[Start of Attachment]

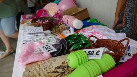 Como siempre, se aprovecha la salida a la calle para exponer en su mesa una serie de artículos que están a la venta por un módico precio para que los ciudadanos que lo deseen colaboren. Pulseras, espejos de bolsillo, set de manicura, pequeños costureros para el bolso, abanicos, paraguas, monederos, neceser, bolígrafos, etc., se vendían hoy para recabar fondos que sigan ayudando a Rolucan a continuar con su trabajo en la localidad.
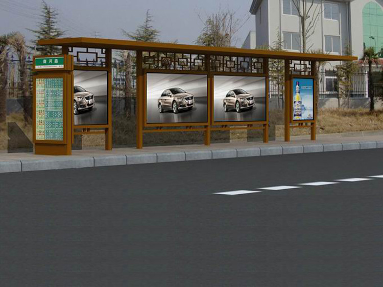 公交車候車亭一般是與公交站牌相配套的,為方便公交乘客候車時遮陽、防雨等,在車站、道路兩旁或綠化帶的港灣式公交停靠站上建設的交通設施。由于城市公交的日益發達,候車亭已發展成為城市一個不可或缺的重要組成部分,設計精美的候車亭也成為了城市一道美麗的風景。 一般候車亭棚體主要頂棚、立柱、頂弓、廣告燈箱和坐凳組成,也有用隔板來代替廣告燈箱的。
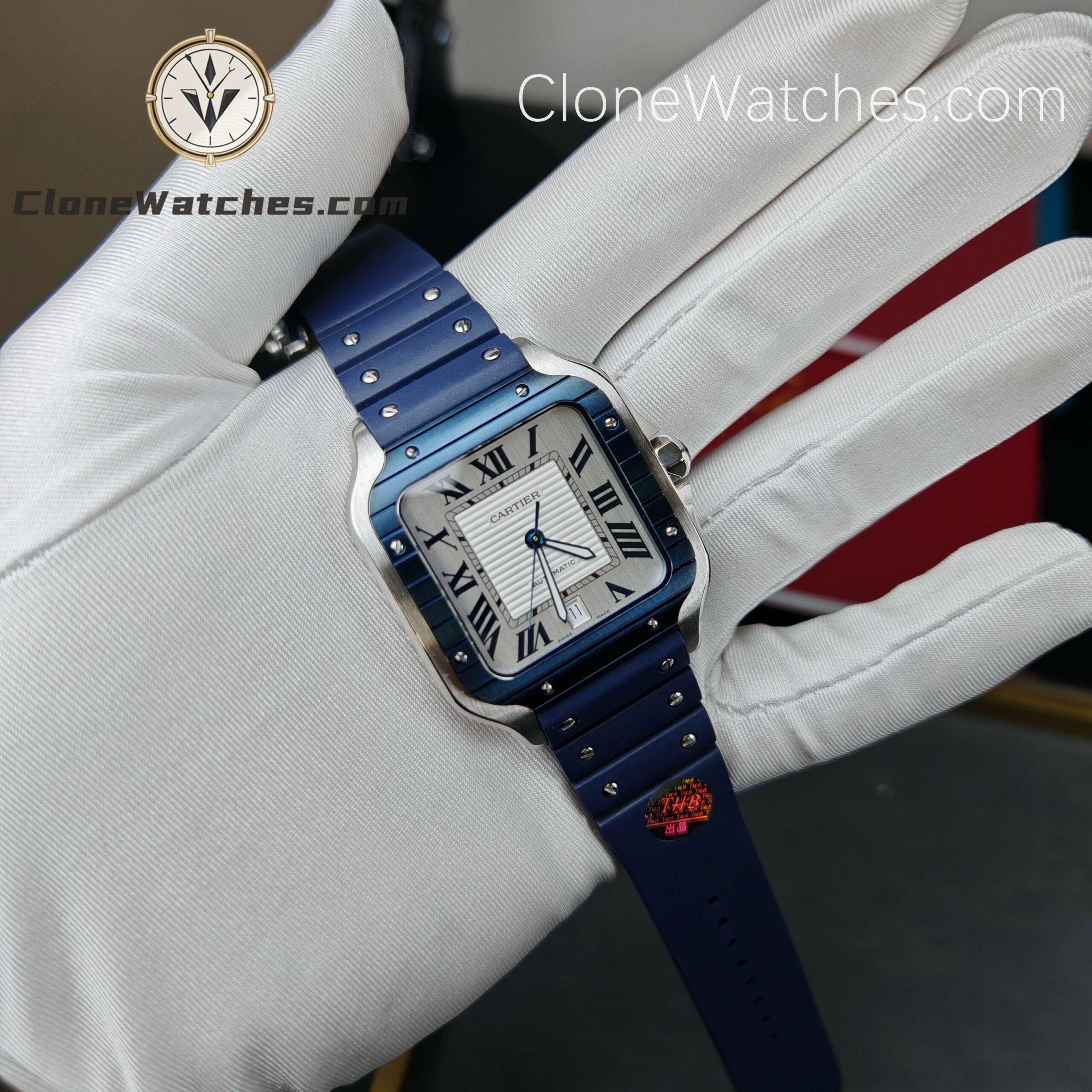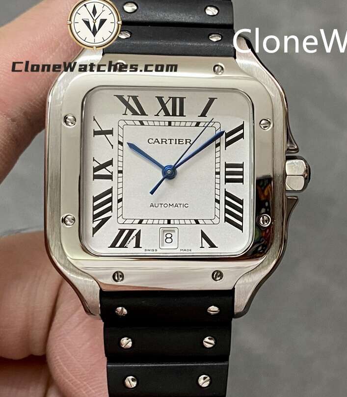 Cartier Super Clone Watches 1:1 Santos Series White Dial 39.8MM WSSA0018 Rubber Strap
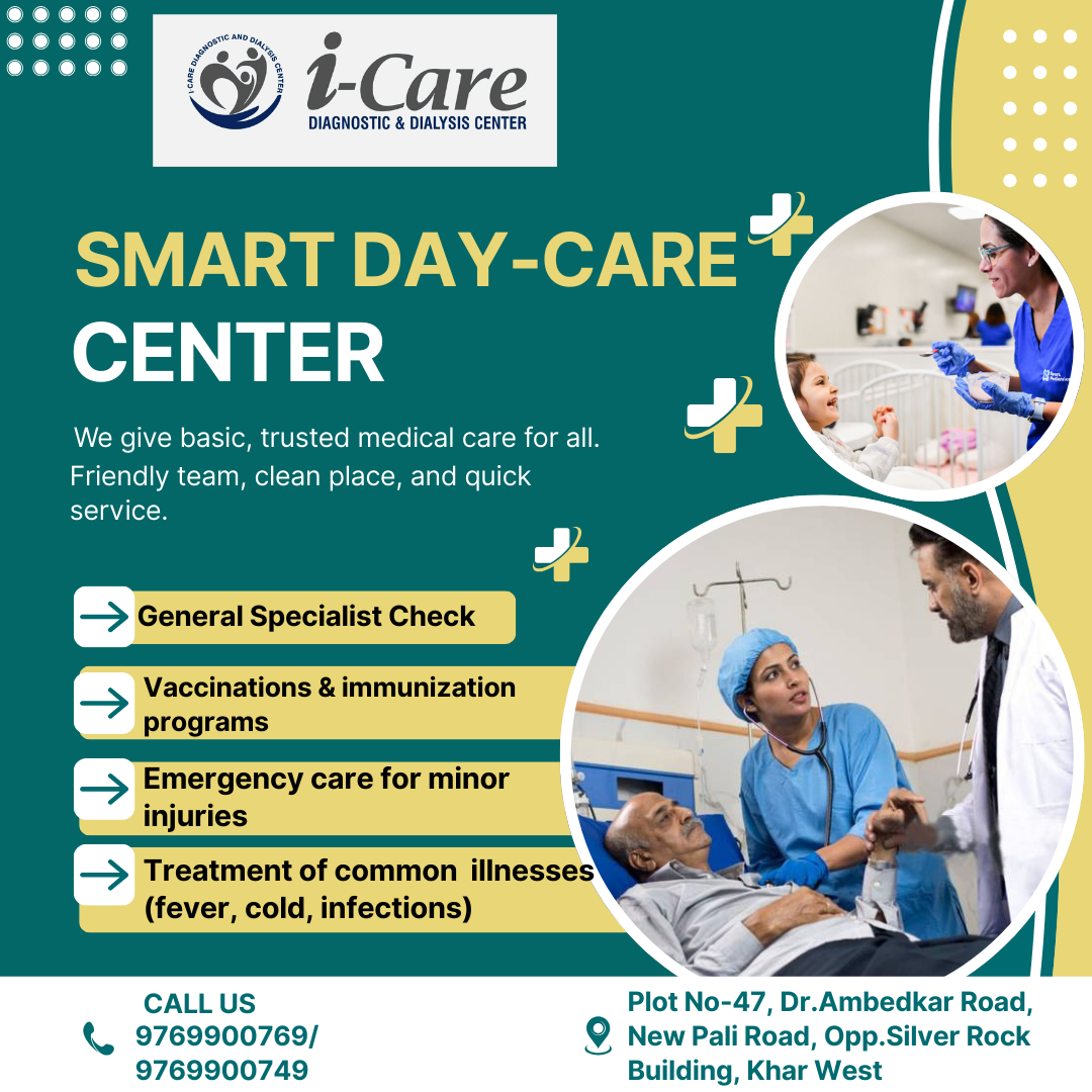 I Care Diagnostic And Dialysis Center Plot No.47, New Pali Road Silver Rock Apartment, Dr Ambedkar Rd, Khar West, Mumbai, Maharashtra +918048037212 icarecenter4u@gmail.com
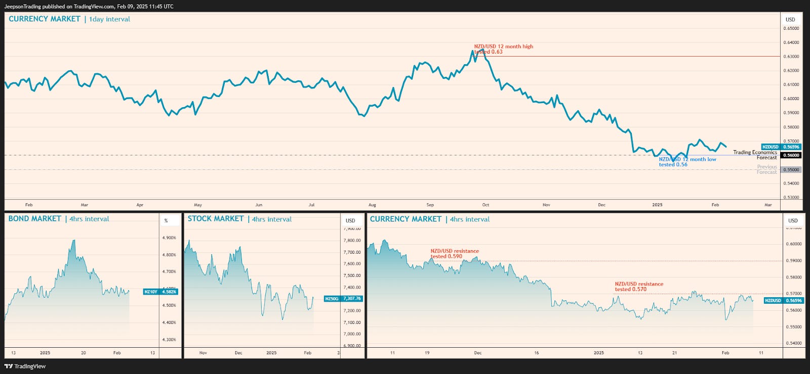 The dominant theme for the NZD remains the RBNZ's dovish monetary policy and the ongoing technical recession. The NZD has been under pressure from weak domestic demand, contracting manufacturing and services sectors, and the RBNZ's clear easing bias. More recently, weak Q4 employment data, showing a rise in the unemployment rate to 5.1%, has further solidified expectations of a 50 bps rate cut at the RBNZ's February 19th meeting.
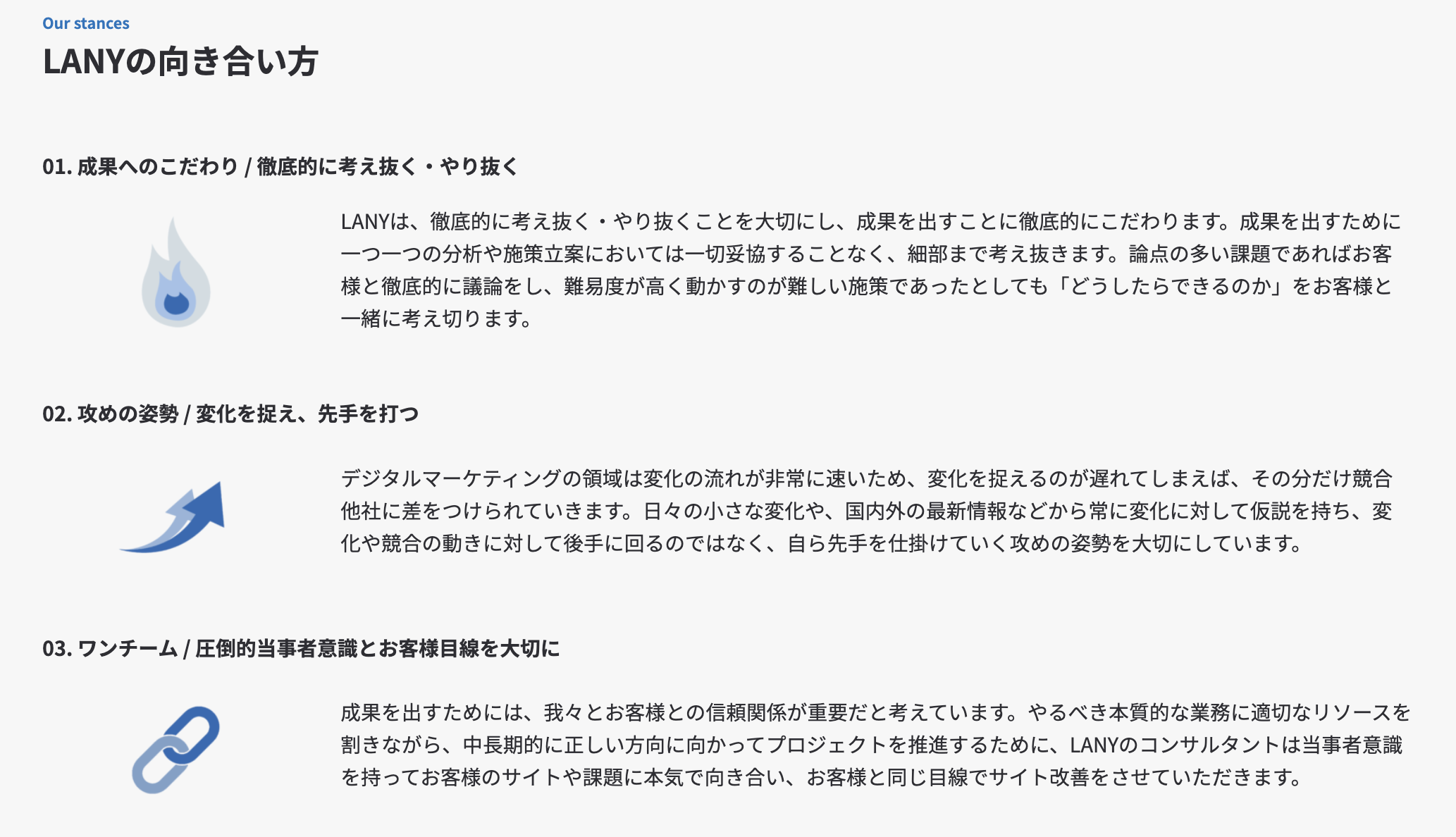 LANYがお客様にどのように向き合っているのかがわかるコンテンツを追加いたしました。具体的には下記の3点になります。
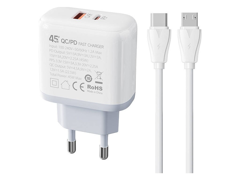 LDNIO A2526C USB, USB-C 45W sieťová nabíjačka + kábel MicroUSB 45W

[End of Attachment]

### Your objective
The whole listing must be restated word for word. Leave out any pictures.

### Written solution
 Como siempre, se aprovecha la salida a la calle para exponer en su mesa una serie de artículos que están a la venta por un módico precio para que los ciudadanos que lo deseen colaboren. Pulseras, espejos de bolsillo, set de manicura, pequeños costureros para el bolso, abanicos, paraguas, monederos, neceser, bolígrafos, etc., se vendían hoy para recabar fondos que sigan ayudando a Rolucan a continuar con su trabajo en la localidad.
 公交車候車亭一般是與公交站牌相配套的,為方便公交乘客候車時遮陽、防雨等,在車站、道路兩旁或綠化帶的港灣式公交停靠站上建設的交通設施。由于城市公交的日益發達,候車亭已發展成為城市一個不可或缺的重要組成部分,設計精美的候車亭也成為了城市一道美麗的風景。 一般候車亭棚體主要頂棚、立柱、頂弓、廣告燈箱和坐凳組成,也有用隔板來代替廣告燈箱的。
 Cartier Super Clone Watches 1:1 Santos Series White Dial 39.8MM WSSA0018 Rubber Strap
 I Care Diagnostic And Dialysis Center Plot No.47, New Pali Road Silver Rock Apartment, Dr Ambedkar Rd, Khar West, Mumbai, Maharashtra +918048037212 icarecenter4u@gmail.com
 The dominant theme for the NZD remains the RBNZ's dovish monetary policy and the ongoing technical recession. The NZD has been under pressure from weak domestic demand, contracting manufacturing and services sectors, and the RBNZ's clear easing bias. More recently, weak Q4 employment data, showing a rise in the unemployment rate to 5.1%, has further solidified expectations of a 50 bps rate cut at the RBNZ's February 19th meeting.
 LANYがお客様にどのように向き合っているのかがわかるコンテンツを追加いたしました。具体的には下記の3点になります。
 LDNIO A2526C USB, USB-C 45W sieťová nabíjačka + kábel MicroUSB 45W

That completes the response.